The wildlife of Zambia refers to the natural flora and fauna of Zambia. This article provides an overview, and outline of the main wildlife areas or regions, and compact lists of animals focusing on prevalence and distribution in the country rather than on taxonomy. More specialized articles on particular groups are linked from here.

==Overview==

===Ecoregions===

Using the World Wildlife Fund's classification of ecoregions, Zambia may include miombo, mopane and Baikiaea woodland savanna, with grasslands (mainly flooded grasslands) and evergreen forest also present. The chief determinant of the distribution of ecoregions and wildlife is climate. See Climate of Zambia for more detail.

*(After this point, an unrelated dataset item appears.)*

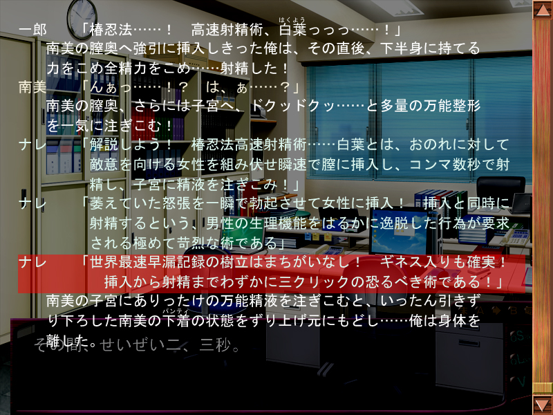 エロゲーでよくあるやつですね、ミラクル精液。奇怪な忍法には困惑するのに、ミラクル精液は急速に理解できてしまうわ。

===Animals outside the national parks===
Zambia's "big game" wildlife (including sports fishing) is the foundation of its tourism industry now. One of its biggest employers and foreign-exchange earners: Victoria Falls and cultural events come second and third in importance. However for domestic tourism, this order is reversed and wildlife is not as important, since the national parks and game viewing tours, through which the great majority of the wildlife is experienced, are priced and marketed to international tourism.

In the early part of the 20th century, most of Zambia's rural areas supported wildlife at levels similar to that seen in national parks today, and the 'big five' game animals were widespread outside reserves and parks. Of them today, the rhinoceros is almost extinct. The elephant and lion are found almost exclusively in parks, and the African buffalo is found in or close to parks. Of the other large animals, only the spotted hyena, Nile crocodile, hippopotamus, and lechwe are found in numbers outside parks. The former from its success as a scavenger, the latter three since their aquatic habit has less overlap with human activities.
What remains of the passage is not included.